March 27, 2012 | 6:15 am
The journalist’s new book, The Crisis in Zionism, is misleading and riddled with loose with the facts of the Israeli-Palestinian conflict, writes Bret Stephens in Tablet Magazine.
Beinart’s habit of what is either inexplicable sloppiness or extreme interpretative elasticity turns out to be one of the defining characteristics of The Crisis of Zionism. In fact, one of the challenges of reviewing the book is that it practically demands a typology.
Writing in the Washington Post, Richard Cohen makes the case for American intervention in Syria.
If the United States finally acts, Russia will throw a fit. Pity. But more importantly, so will Iran. Syria is virtually its puppet state. The demise of the Assad regime would be a heavy blow to Iran. More pragmatically, it would be a boon to Israel. Iran supplies Hezbollah and Hamas through Syria. You can predict anything other than the future in the Middle East, yet bloodying Assad’s nose has nothing but favorable consequences for America and its allies in the region, not only Israel but Saudi Arabia as well.
A Tale of Two Egyptian Armies
The US is being held hostage by the Egyptian army out of fear that the country could spiral into real chaos, writes Lee Smith of the Weekly Standard.
[A]lmost everything that seems bad for Egypt, or anything that terrifies the U.S., is good for the SCAF. For instance, a referendum recently passed in the new Islamist-dominated parliament to expel the Israeli ambassador, halt gas exports to Israel and identify the Jewish state as Egypt’s “number one enemy” only makes the Egyptian military look good by comparison. Since foreign policymaking as a whole, and the caretaking of the peace treaty with Israel in particular, is the exclusive privilege of the army, it is up to them to make the final call on any of those initiatives coming out of parliament. The point is: Yes, things could get even worse in Egypt, much worse, so the White House wants to keep the Egyptian army happy.
Ronn Torossian of the Algemeiner takes issue with the controversy over the eviction of Palestinains from Jewish-owned property in East Jerusalem.
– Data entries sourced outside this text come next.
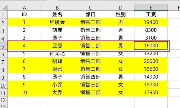 当条件格式设置之后,只需改动E列工资,当大于1万5时,即会自动标黄,小于1万5时,即会自动清除颜色。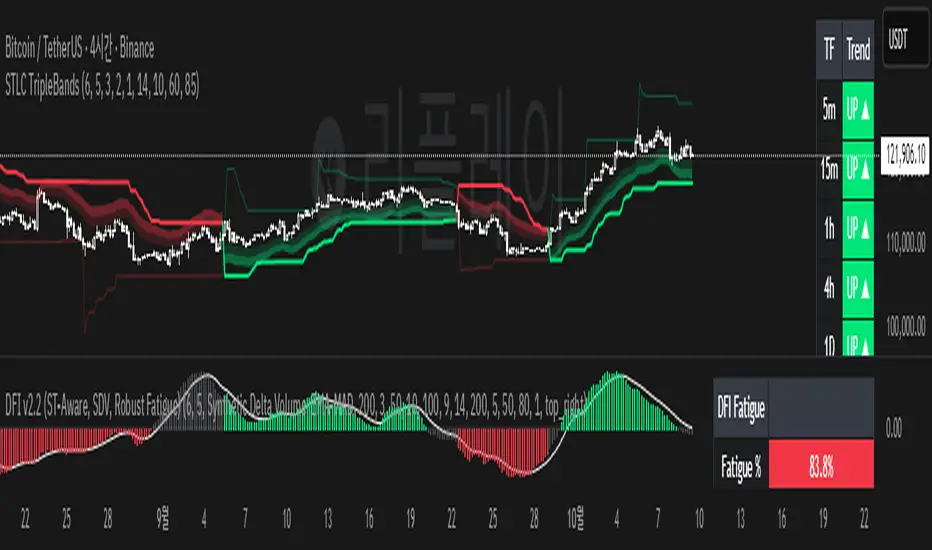 - 상승/하락 에너지를 각각 추적 (abs_up, abs_dn)하고, SuperTrend 또는 DFI 부호에 따라 해당 방향 피로만 계산.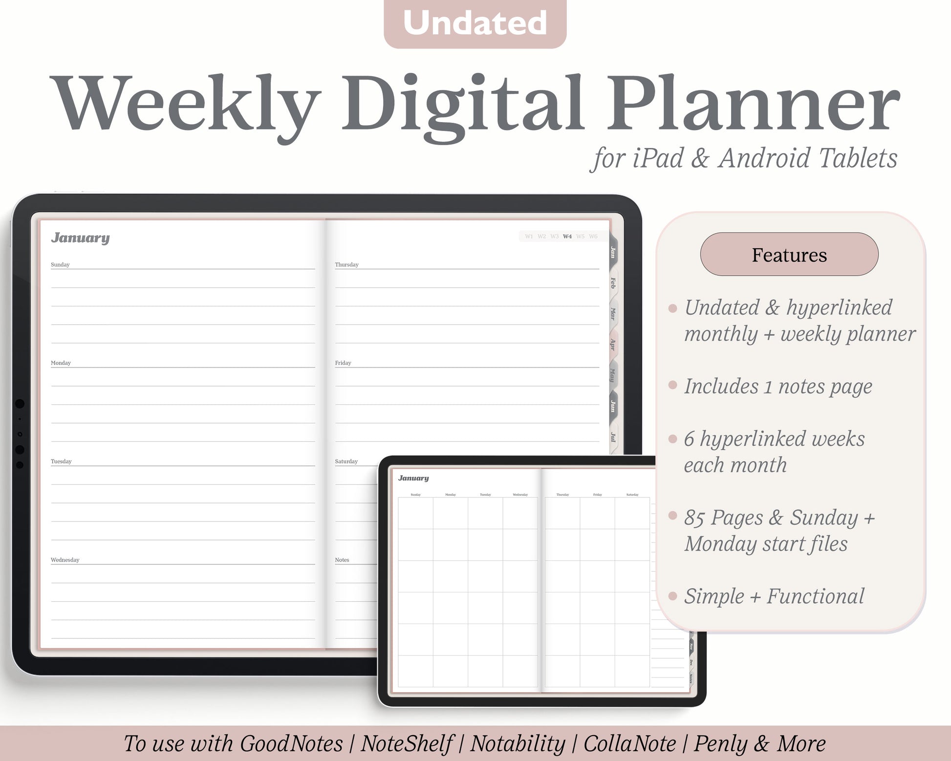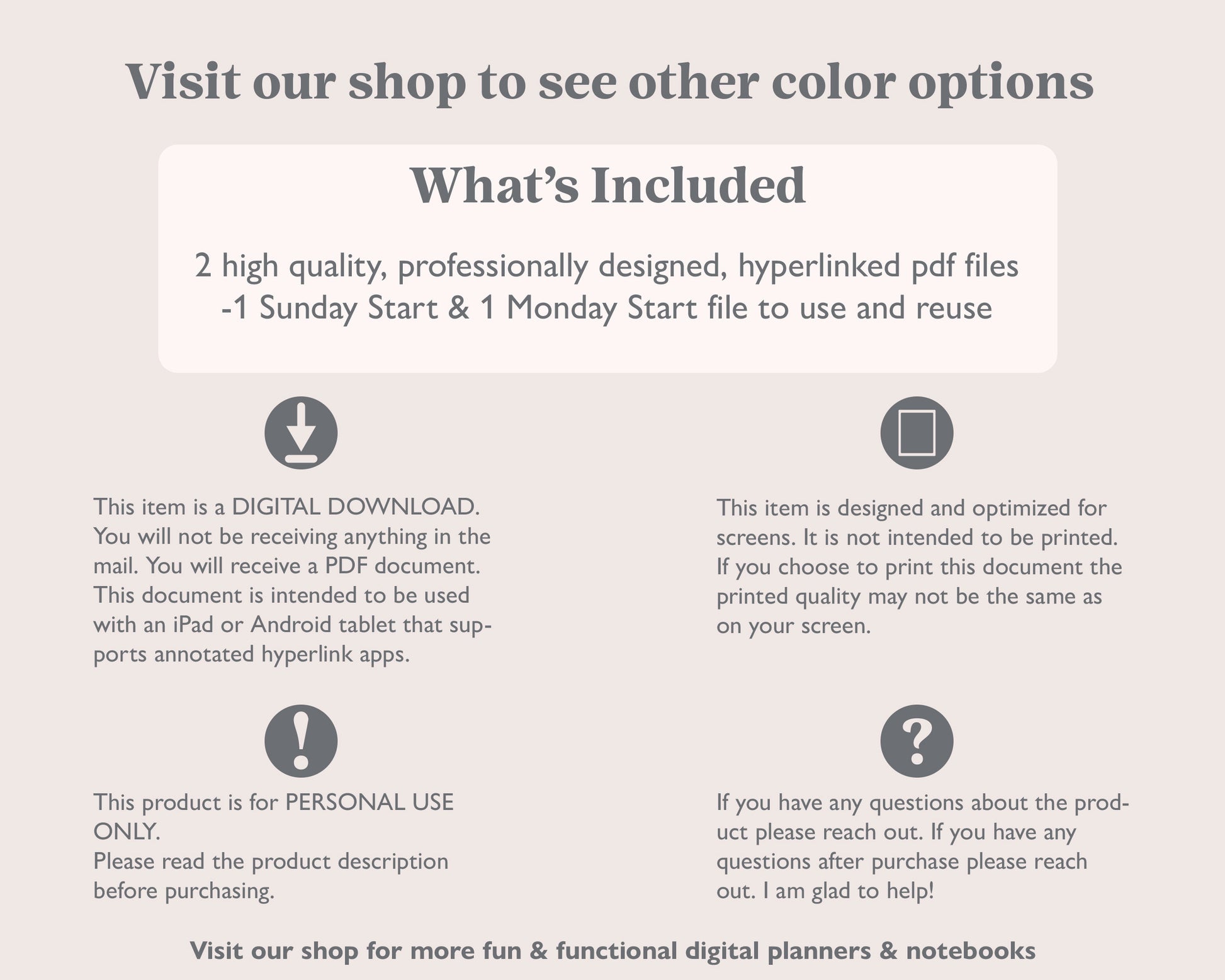 - 2 hyperlinked pdf file of your digital planner ( 1 Sunday & 1 Monday Start) to use in your preferred annotated hyperlink app such as GoodNotes. Review the compatibility tab if you would like to learn more about apps that work with digital pdf templates.

A Jewish family seeks to live in Eastern Jerusalem in a legally purchased home, and isn’t being permitted to move in nor remove illegal squatters from the home. Without discussing the many Arab countries Jews aren’t permitted to own real estate in (or that Arabs can and do buy all over the Jewish state), how is it that Jews who won in court, followed all laws and legally own property are being condemned?